Exercise: An exact reproduction of the data below is expected, free of images.

#### Collected material

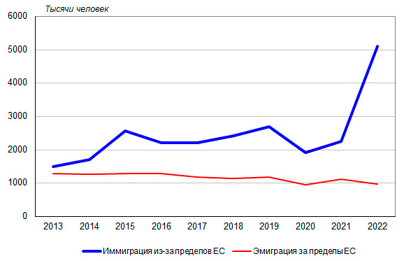 числа иммигрантов в страны ЕС-27 за 2022 год), но довольно значительная
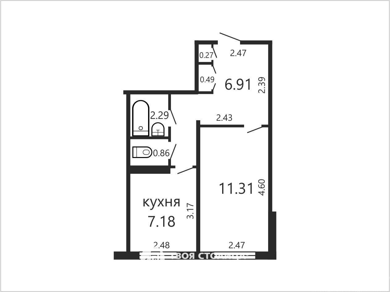 Санузел раздельный. В достаточно просторным коридоре (6. 91 кв.м) встроенные шкафы.
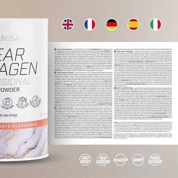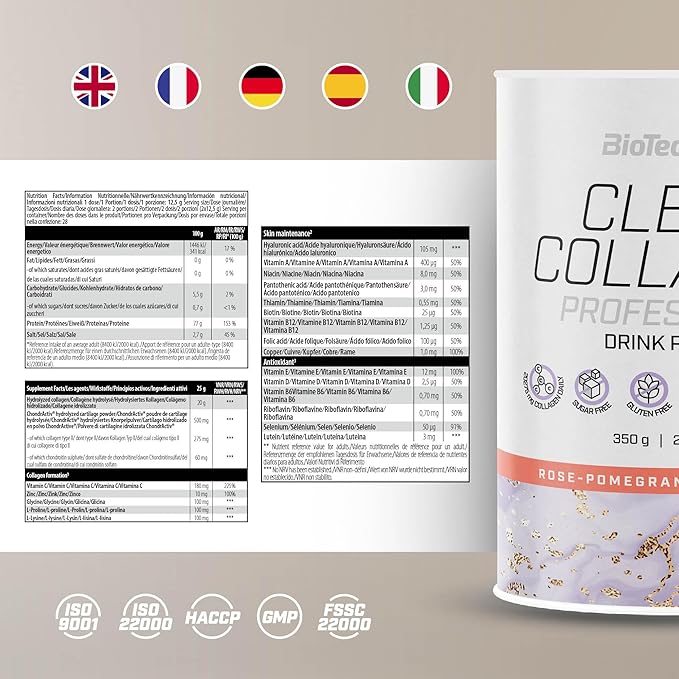Biotechusa Clear Collagen Professional, Flavoured Drink Powder Containing Hydrolysed Collagen, Hyaluronic Acid, Amino Acids, Vitamins, Minerals, 350 G, Rose & Pomegranate
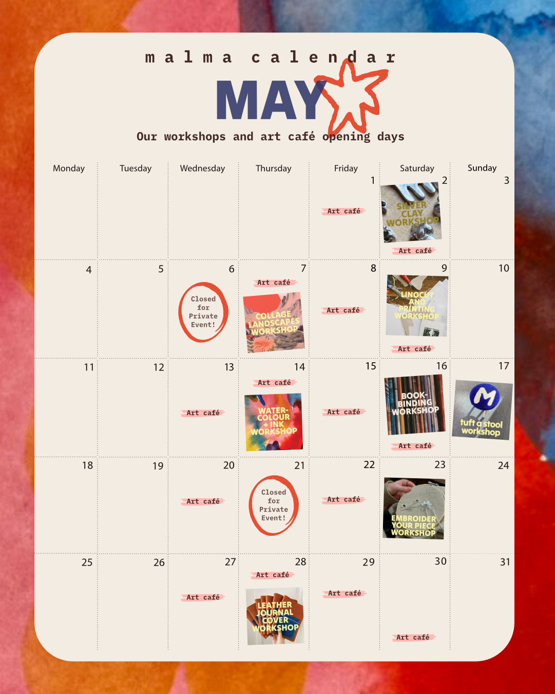Monthly Workshop Calendar

########

Written solution:
 числа иммигрантов в страны ЕС-27 за 2022 год), но довольно значительная
 Санузел раздельный. В достаточно просторным коридоре (6. 91 кв.м) встроенные шкафы.
Biotechusa Clear Collagen Professional, Flavoured Drink Powder Containing Hydrolysed Collagen, Hyaluronic Acid, Amino Acids, Vitamins, Minerals, 350 G, Rose & Pomegranate
Monthly Workshop Calendar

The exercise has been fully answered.